It felt somehow necessary and right to indulge in mourning myself. Of course when we die, it is the people who are left who mourn us. But up until the day we die, we must mourn ourselves. I mourn the eventual loss of me. Not all the time. Right now, for example, I am trying to tie this semi-dark post into a bow and somehow link it to today’s prompt, which was not “death” but “aging.”
But isn’t that aging? A long, drawn-out mourning of our selves? It isn’t a bad thing. It isn’t like we are sad all the time that we aren’t what we were, but we acknowledge it. We can accept and love who we are, while still mourning who we were and wondering who we will be, right? That’s what I mean.
Here is my governing principle. I call it the “Like It Or Not” (LION) principle.
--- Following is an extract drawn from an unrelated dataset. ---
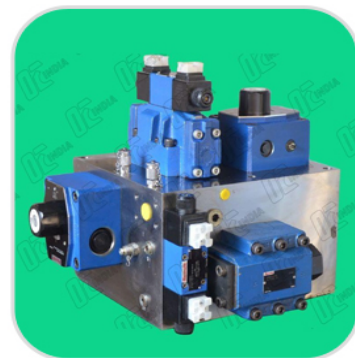
Skirt Manifold Control Block

I have recently started applying it to those aspects of parenting that I can not or should not attempt to control, to great effect.
For example, if I harass Trombone while he is in the bathroom, he takes 15 minutes in the bathroom. If I ignore Trombone while he is in the bathroom, he takes 15 minutes in the bathroom. End result: kid takes forever in the bathroom. However: if I ignore Trombone while he is in the bathroom, I am much happier and can enjoy my meal.
Following this logic, struggling and fighting against my appearance changing as I age is the same as fighting aging, isn’t it? I think it is. I mean, people dye their grey hair because they don’t want to look “old” right? And they don’t want to look old because they don’t want to think about their lives ending?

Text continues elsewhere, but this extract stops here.